The Government has announced its intention to scrap the current Consumer Credit Act, replacing it with new rules overseen by the Financial Conduct Authority (FCA).
This move, which will see the protective Section 75 disappear, follows the publication of the results from a recent Treasury consultation.
Section 75, a key part of the Consumer Credit Act, has offered a lifeline to millions of consumers. The regulation ensures credit card companies are jointly liable with retailers if goods or services are not delivered, thereby enabling customers to seek refunds from their card provider.
Sarah Coles, head of personal finance at Hargreaves Lansdown, reflected on the significance of the planned changes. “Section 75 has pulled [people] out of a dark hole,” she said. “So, the fact the government is planning to axe the Act is bound to be unsettling.”
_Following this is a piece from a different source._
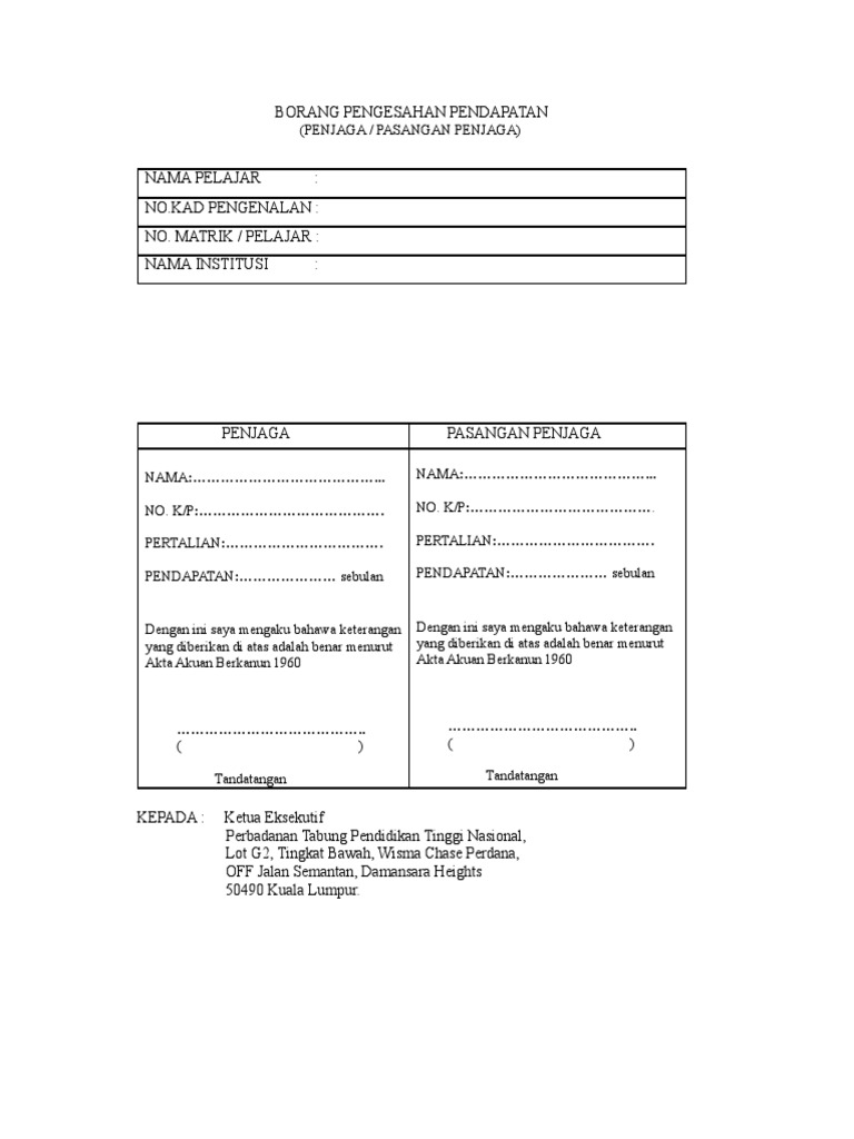 Surat Pengesahan Pendapatan Bagi Yang Bekerja Sendiri
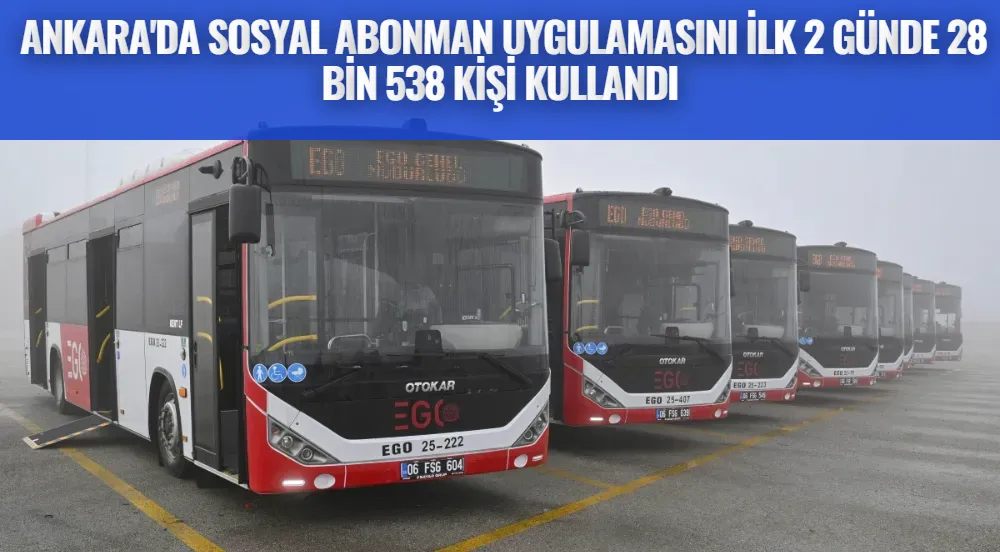 EGO Genel Müdürlüğü verilerine göre, 1–2 Şubat 2026 tarihleri arasında Sosyal Abonman kapsamında yapılan binişlerin; 21 bin 152’si EGO otobüslerinde, 4 bin 964’ü metro hatlarında, 1143’ü ANKARAY’da ve 1279’u ise Başkentray hatlarında gerçekleşti.

The Treasury is currently contemplating the shape of Section 75’s replacement, with detailed proposals and another consultation expected next year. Respondents to the recent consultation showed strong support for maintaining a provision akin to Section 75, albeit with some modifications.
One suggested change was to improve clarity on transactions involving an intermediary, such as online marketplaces, rather than direct credit card and seller interactions. Another debated point was the extent of a credit card company’s liability. Under the current rules, if a consumer pays a deposit with a credit card, the card company may be responsible for the entire cost of the service or item.
There were also discussions around whether the new rules should cover consequential losses, such as additional expenses incurred as a result of a cancelled event. Moreover, the requirement to pursue the vendor before making a claim from the credit card company was another aspect proposed for reconsideration.
Another topic raised in the consultation was the treatment of consumer hire purchases, now a prevalent financing option in the car buying industry and among vulnerable individuals purchasing essential items. There were mixed opinions on whether these borrowers should receive the same protection as others.
The consultation also highlighted an opportunity to better support vulnerable people through the new regulations. These could involve more straightforward numerical representations, less jargon, and sensitive handling of default notices to help those facing mental health struggles.
Coles said: “More flexibility in the language and content could allow lenders to be more sensitive to people’s needs.”